The peace process continued for the next few years with sporadic terror attacks and riots, such as those in 1996 prompted by rumors that Israeli tunnels threatened the foundation of the al-Aqsa mosque. Israeli troops were withdrawn from much of the occupied territories. Negotiations continued at Camp David and the Israelis offered approximately 97% of the West Bank to the PNA, as well as withdrawal from Gaza.
On September 28, 2000, violence erupted again, however. The visit of Ariel Sharon to the Temple Mount in Jerusalem spurred rumors that Sharon had entered the al-Aqsa mosque, which is located on the same site. The ensuing violence became known as the Second Intifada.
Arafat and the PLO ultimately rejected the peace agreement. In spite of attempts by President Bill Clinton and Saudi Arabia to bring the two sides together, the peace process was permanently derailed.
Terror attacks increased in frequency in spite of calls by both Arafat and the UN for an end to the violence. In March 2002, 27 Israelis were killed as the celebrated Passover at a hotel in Nethanya. This attack led to Operation Defensive Shield, an incursion into the West Bank to root out terrorist infrastructure in the refugee camps there.
Israeli forces reported killing about 50 people in the camp at Jenin, but the Arabs claimed the massacre of 500 people by Israeli troops. The charge was repeated by the media around the world. Human rights groups later confirmed that the death toll was near to the Israeli claims. The Israelis also staged assassinations and arrests of Arab terror leaders.

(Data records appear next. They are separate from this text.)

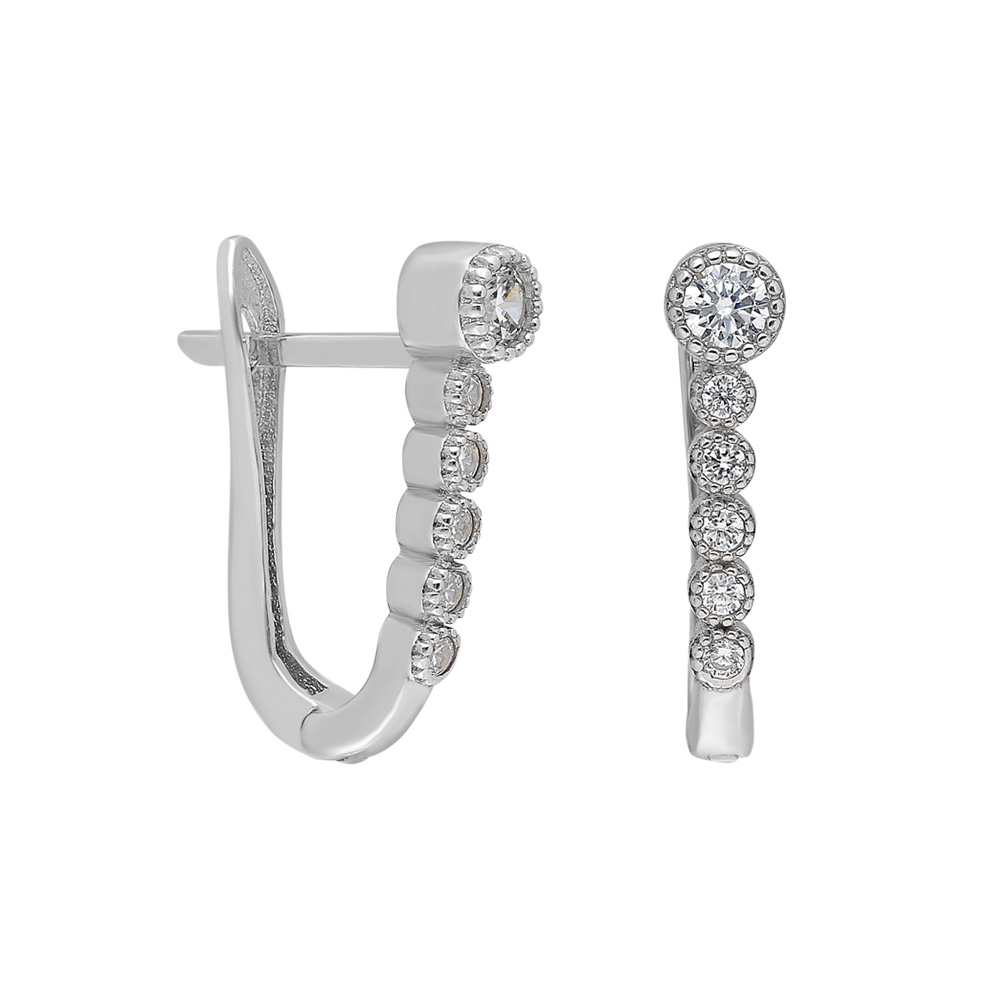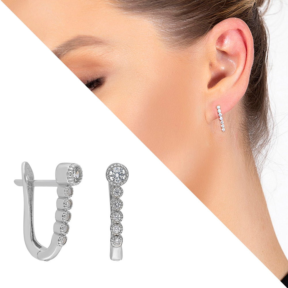 Sıralı Zirkon Taşlı 925 Ayar Gümüş Kadın Küpe - 1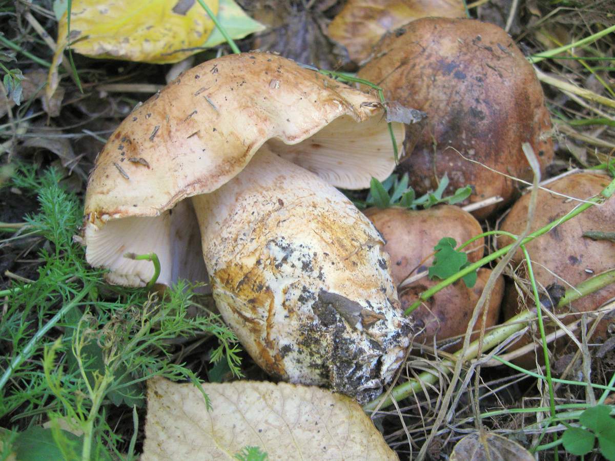- Balta. Jame yra skrybėlė su išlenktais kraštais, jauname amžiuje, tada, su amžiumi, jie ištiesina. Oda sausa. Lygi, balta spalva. Nesunku atskirti pagal kvapą, minkštimas turi švelnų muilo kvapą.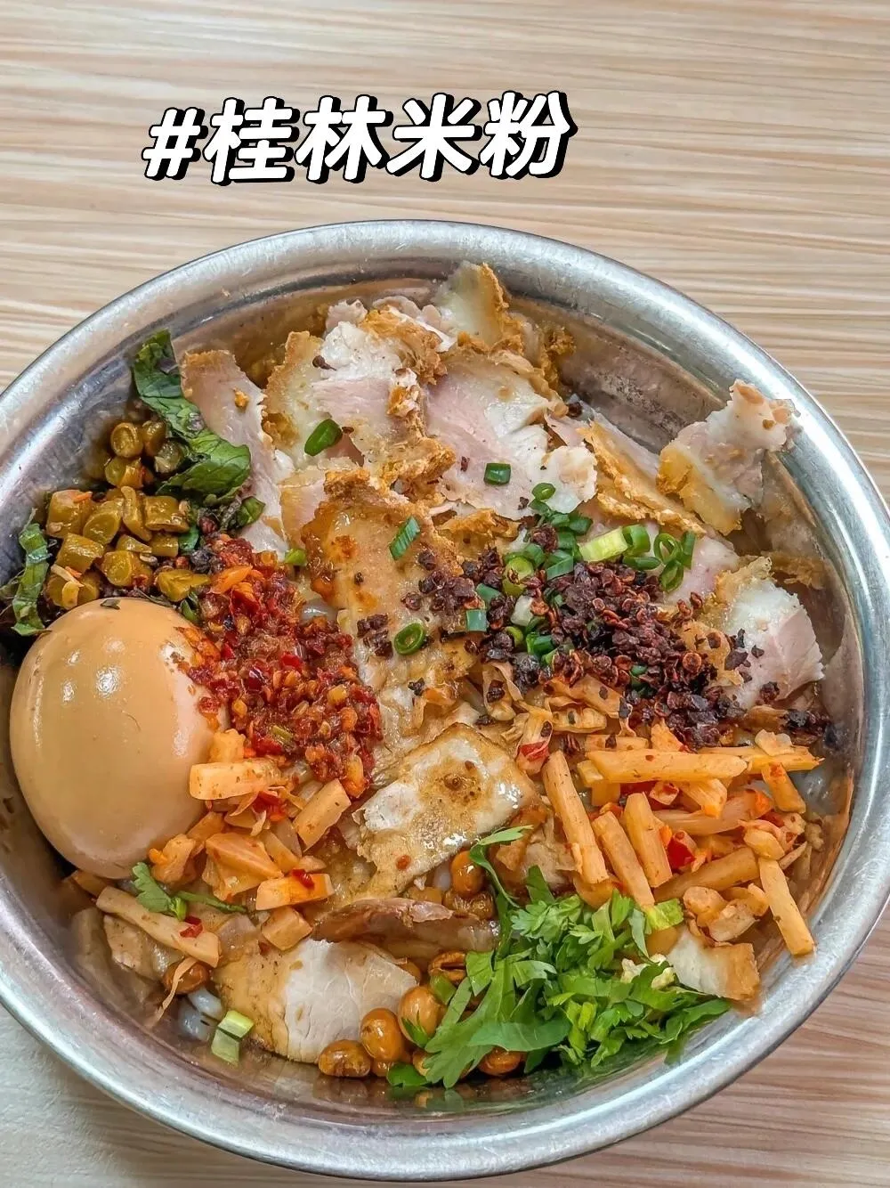 桂林米粉以其细薄柔滑的口感和特制的卤水而闻名。 搭配脆皮炸黄豆或葱花,口感层次丰富。每一口都充满幸福感,细腻的口感和香浓的卤水让人陶醉其中。
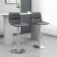HOMCOM Bar Chair Set of 2, Adjustable Breakfast Dining Stools for Kitchen, Modern Counter Barstools with 360° Swivel and Footrest, Grey | Aosom UK

By 2003, the situation had deteriorated to the point where Israel began construction of a security fence along its borders with the occupied territories to staunch the flow of terrorists and weapons.
By the end of 2003, Prime Minister Ariel Sharon announced a unilateral plan for an Israeli withdrawal from the occupied territories. Meanwhile, Arafat's Fatah-PLO was fighting among itself, as well as struggling for power with Hamas. On November 11, 2004, Yasir Arafat died and was succeeded a few months later by Mahmoud Abbas as president of the Palestinian National Authority. Abbas took steps to attempt to reduce violence in the territories.
Ariel Sharon and Abbas met at Sharm el Sheikh in a series of meetings with Hosni Mubarak of Egypt and King Abdullah of Jordan in February 2005. The meetings led both leaders to announce and end to the violence and the Second Intifada.
Meanwhile, Sharon's unilateral disengagement continued. Throughout 2005, the Israelis forcibly removed Jewish settlers from Gaza and four West Bank settlements. On September 11, 2005, the last Israeli soldier left Gaza.